I'm using matplotlib.dates to convert my string dates into date objects thinking it would be easier to manipulate later.
import matplotlib.dates as md
def ConvertDate(datestr):
'''
Convert string date into matplotlib date object
'''
datefloat = md.datestr2num(datestr)
return md.num2date(datefloat)
What I was trying to do was filter my structured array to tell me the index numbers of rows belong to a certain month and/or year
import numpy as np
np.where( data['date'] == 2008 )
I can probably use a lambda function to convert each object into string value like so
lambda x: x.strftime('%Y')
to compare each item but I dont know where to put this lambda function into np.where or if its even possible.
Any ideas? Or is there some better way to do this?

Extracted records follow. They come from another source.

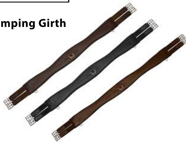
2077DB/2077B/2077T € 181,90 Sizes for 2077DB/B/T: 120, 125, 130, 135, 140cm

Made from almost 100% ThinLine material, this is a low-maintenance girth with superior performance. With roller buckles, double ended elastic, leather reinforcements, D-rings, and rounded edges, this girth will equalize pressure and keep horses supremely comfortable while preventing the spread of fungus and rain rot.
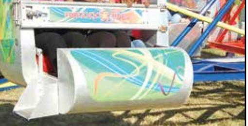
All smiles on the scrambler.
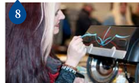
8 The Art of Pinstripping
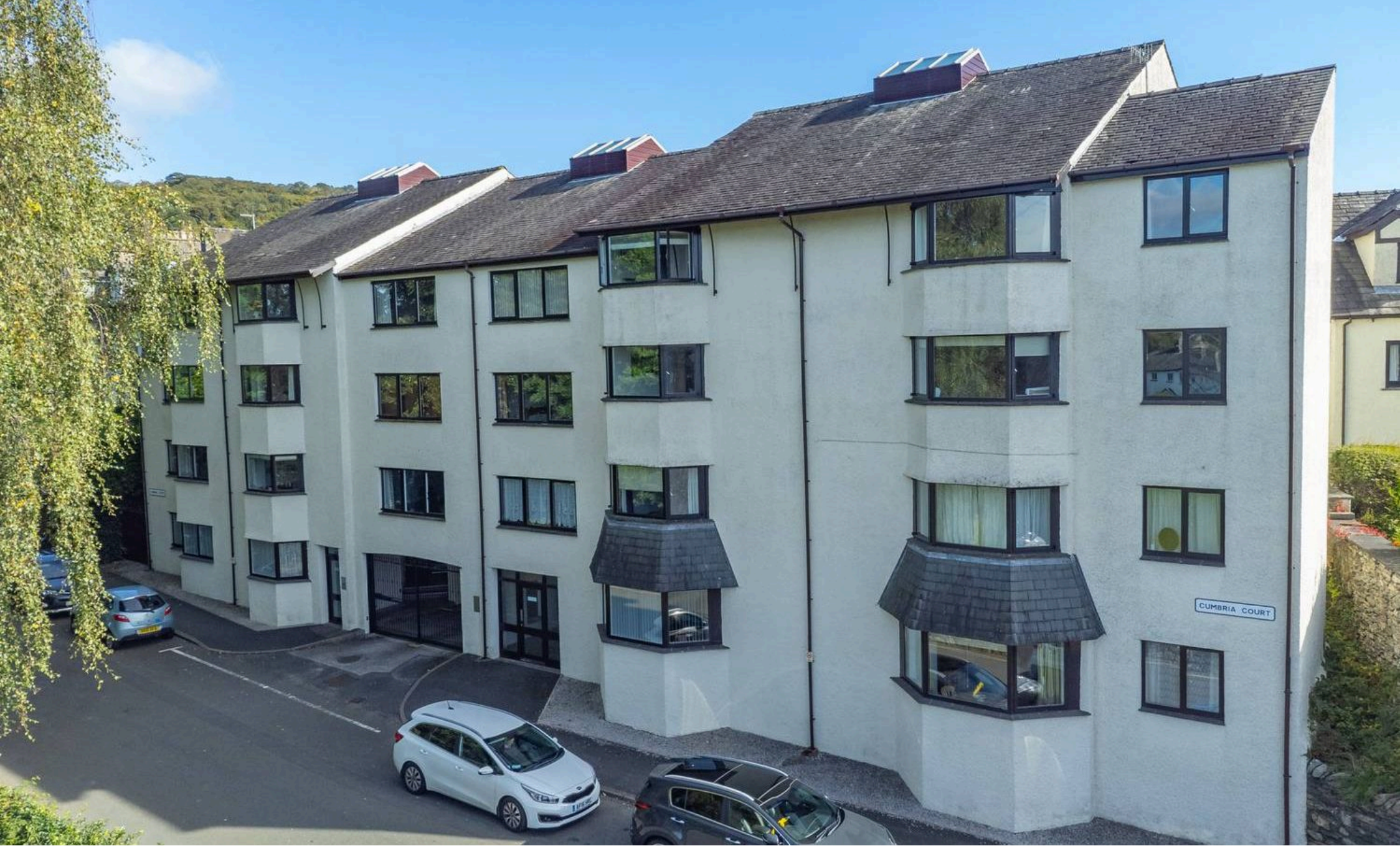
18 Cumbria Court College Road, Windermere £215,000
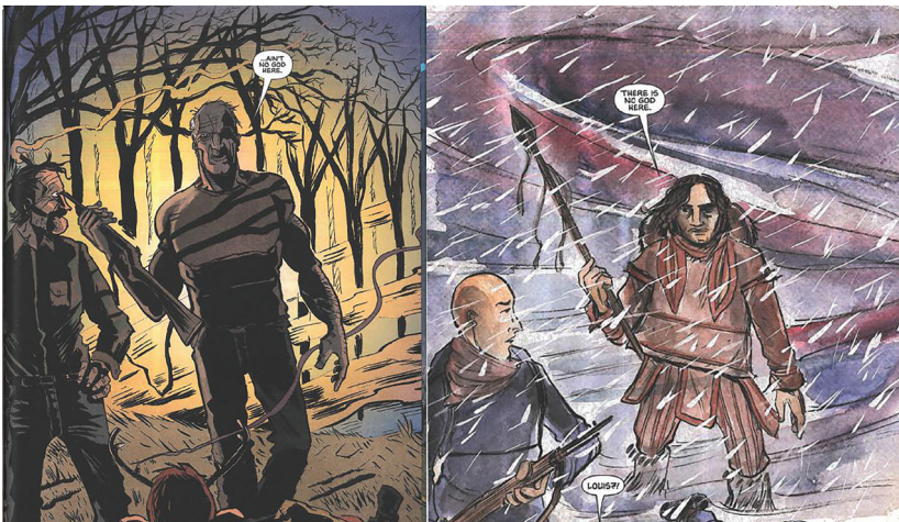
Figures 3 (I: 29) and 4 (III: 26)

The truth is revealed in full two issues later when the narrative provides an explanation of the dream. Matt Kindt, an American comics artist, took over the artwork for three issues to allow Lemire time for other projects, and this resulted in a distinct visual difference between Kindt's work and Lemire's work. Kindt's way of drawing the human body differs such that readers are reminded that they are seeing a new artist's work. However, this visual difference is fitting as the narrative abruptly moves backward from the future to 1911. The first inset caption of issue 28 reads "the personal journal of Dr. James Thacker, September 4, 1911" (III: 7). This narrative flashback and difference in artistic style place added interpretive weight on this section. Kindt includes an ominous sign of a disastrous encounter between the Inuit and European explorers in the shape of a church full of diseased corpses (III: 21). Thacker and his men then encounter Louis, now garbed in Inuit clothing, as he declares that "there is no god here" (Figure 4). This panel
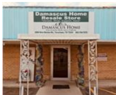
Damascu Home Resale Store

Find the Resale Store on Facebook @DamascusHomeResaleStore
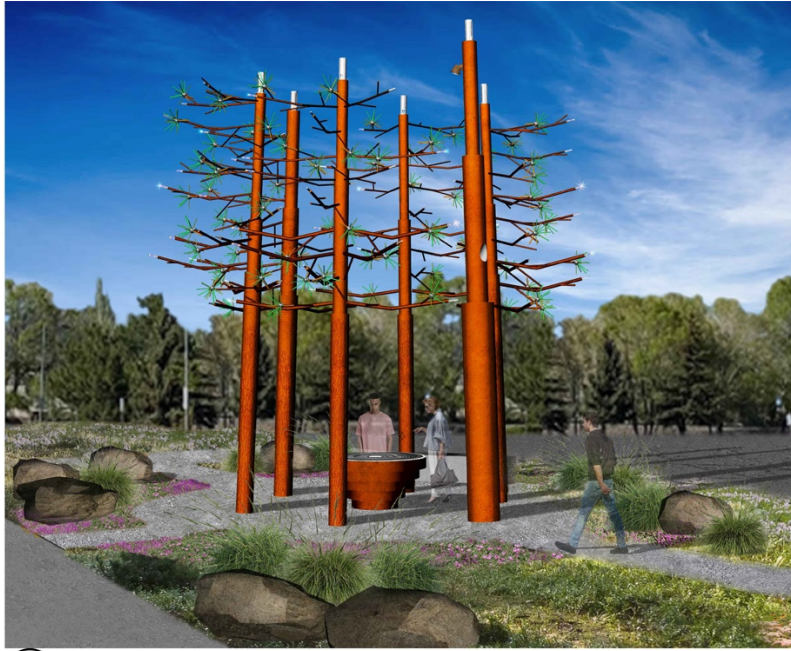
1 GROVE SCULPTURE IMAGE SCALE: NTS
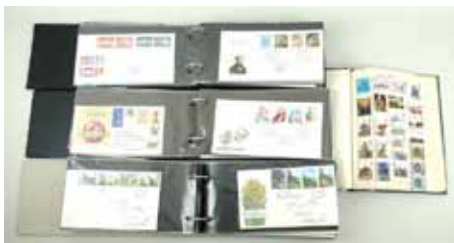
356 A Swiftsure stock album of GB and world stamps, and three albums of First Day Covers and mint stamps, 1970-80's. £40 - £60
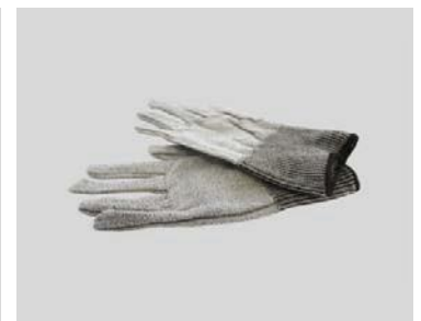
60 | Cut resistant gloves (resistance levels according to EN 388 - 4.5.4.0, in various sizes)
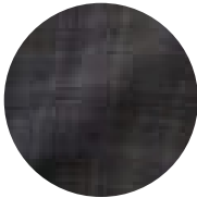
Adriatic Brown Dust Matte
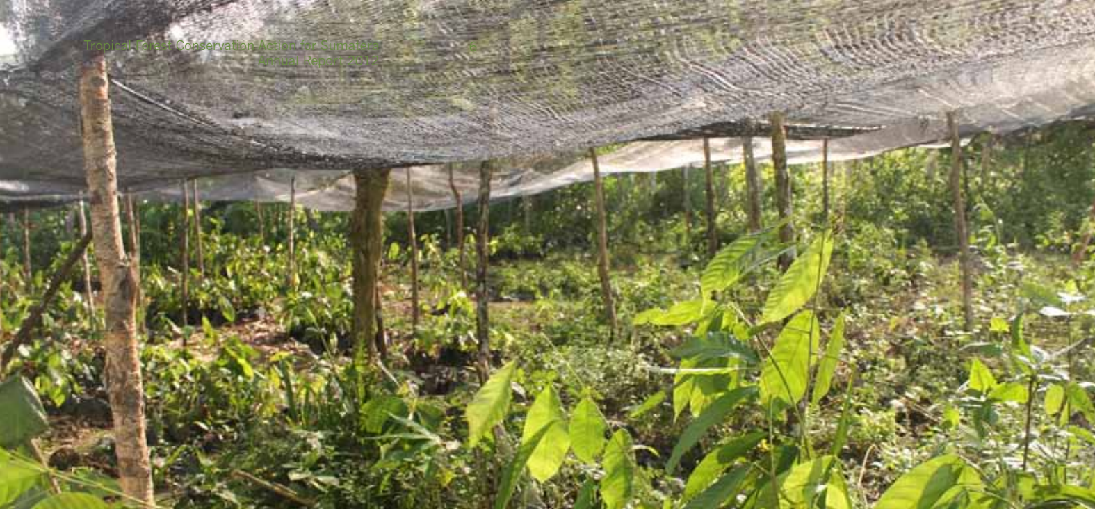
A nursery facility in Linge Isaq, Central Aceh
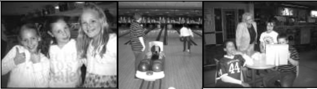
Preteens rock at bowling!
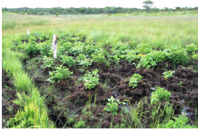
Fig. 8: Horticulture in the peatlands at the headwaters of a small tributary.
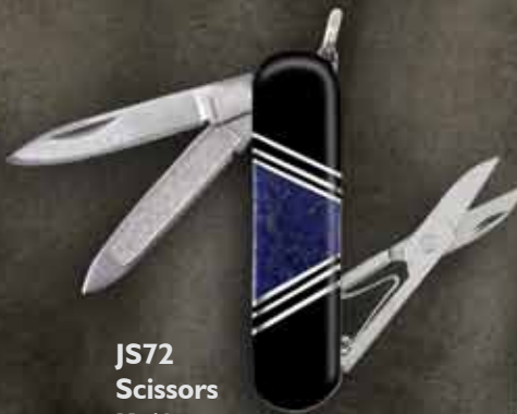
JS72 Scissors Knife
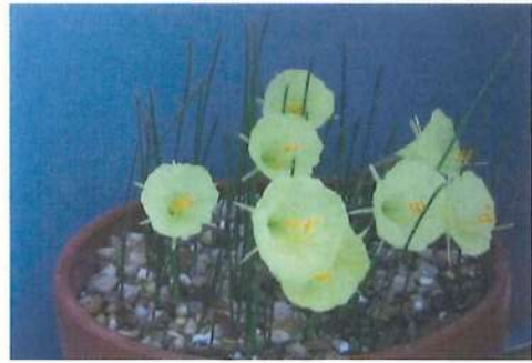
Glenbrook Ta-Julia Group #4/91
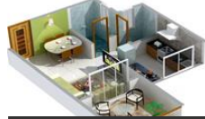
3D View - Studio
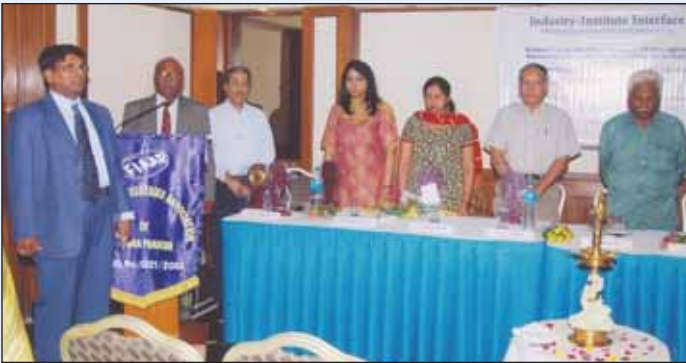
Speakers on the eve of Industry Institute Interface meet smile for a photograph

Composites Manufacturing and Applications The date and Venue has since been fixed and the program details are indicated in the following pages.
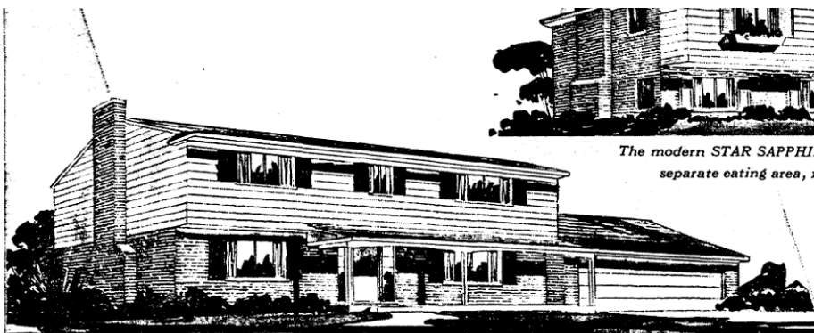
The gracious SAPHIRE . . . 4 bedroom, 2 car garage, full open basement, separate dining room Colonial . . . $21,900
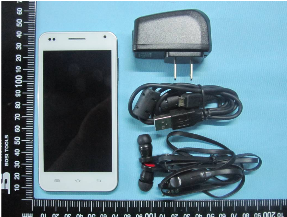
Whole Package - Top View
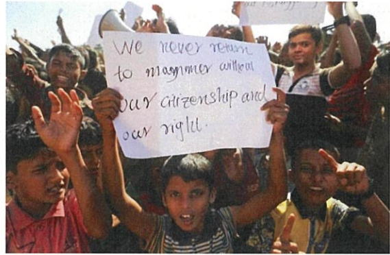
Figure 7: Rohingya refugees protesting for citizenship on the Bangladesh-Myanmar border.

Due to the influence the power to veto has, the Security Council has failed to take meaningful action to protect the Rohingya people. In addition, the international community has ignored the Rohingya crisis, considering it as Myanmar's internal affair. 27 The Security Council has only responded to the genocide, stressing the "primary responsibility of the Myanmar government to protect its population." 28
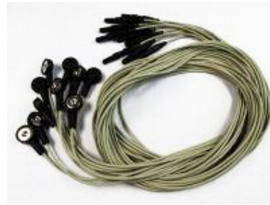
snap cable for disposable EMG/ECG electrodes (150 cm), 10 pieces
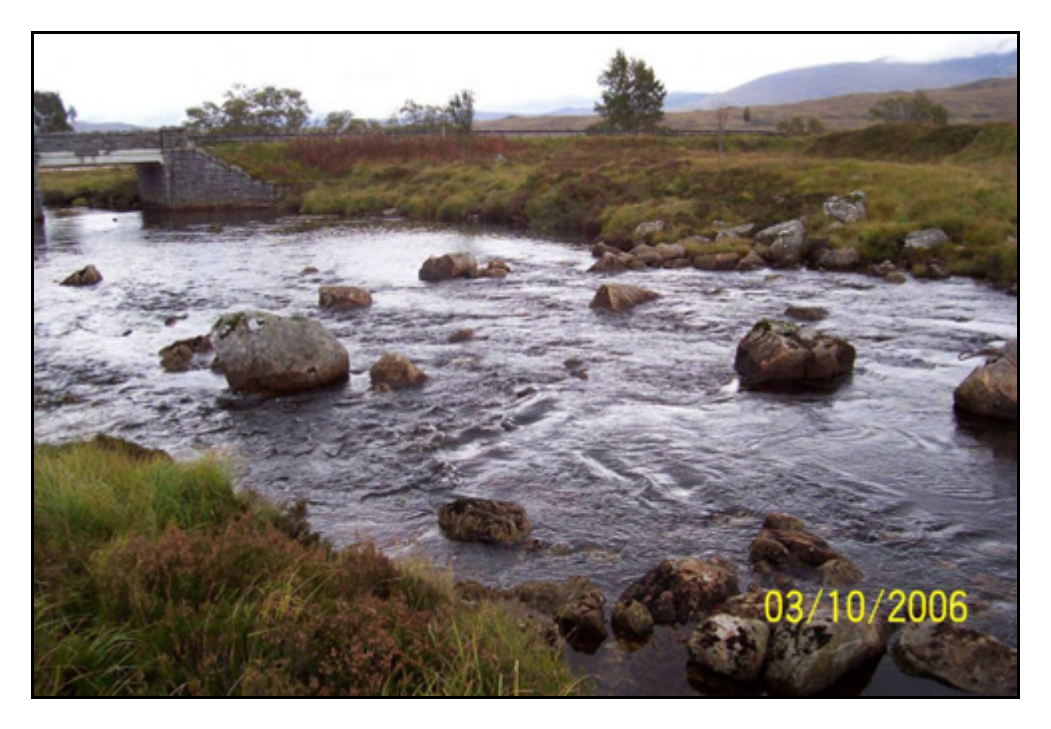
Figure 7.4 Rippled flow in River Ba immediately west of Ba Bridge
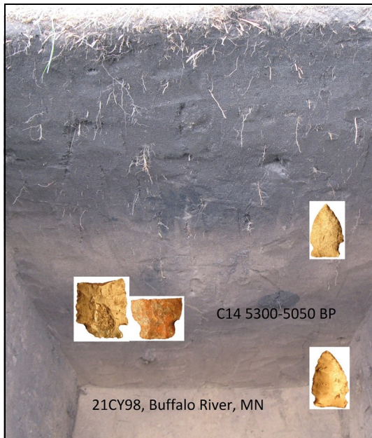
Profile of Archaic site in Clay County with stratigraphy of diagnostic artifacts and C-14 date.
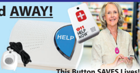
This Button SAVES Lives! As Shown GPS, Lowest Price Guaranteed!
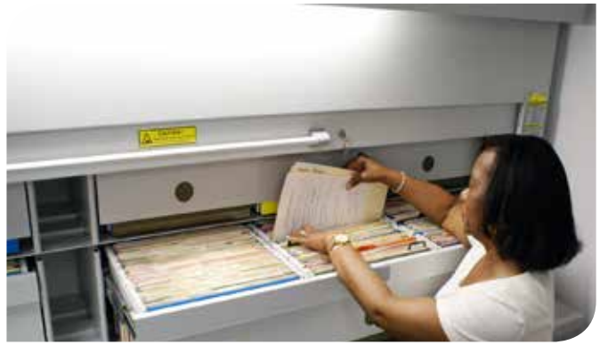
Rollout Drawers with Hanging Lateral files
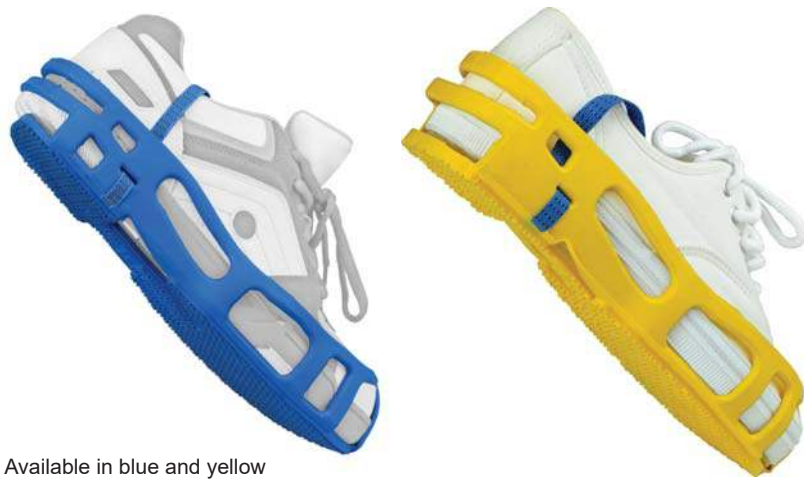
Available in blue and yellow

After a lot of error messages, I think I found an answer to my own question.
[ x for x in range(len(data)) if data['date'][x].year == 2008 ]
I did a list comprehension to return the indexes of the structured array that matched a query. I also included #hayden's suggestion to use .year instead of strftime() Maybe numpy.where() is still faster but this suits my needs right now.
Note: you might as well use datetime's datetime.strptime function:
import datetime
import numpy as np
dt1 = datetime.datetime.strptime('1/2/2012', '%d/%m/%Y')
dt2 = datetime.datetime.strptime('1/2/2011', '%d/%m/%Y')
In [5]: dt1
Out[5]: datetime.datetime(2012, 2, 1, 0, 0)
You can then use numpy.non-zero (to filter your array to the indices of those datetimes where, for example, year is 2012):
a = np.array([dt1, dt2])
b = np.array(map(lambda x: x.year, a))
In [8]: b
Out[8]: array([2012, 2011], dtype=bool)
In [9]: np.nonzero(b==2012)
Out[9]: (array([0]),)
Also, I would suggest looking into pandas which has this functionality built-in (on top of numpy), many more convenience functions (e.g. to_datetime), as well as efficient datetime storage...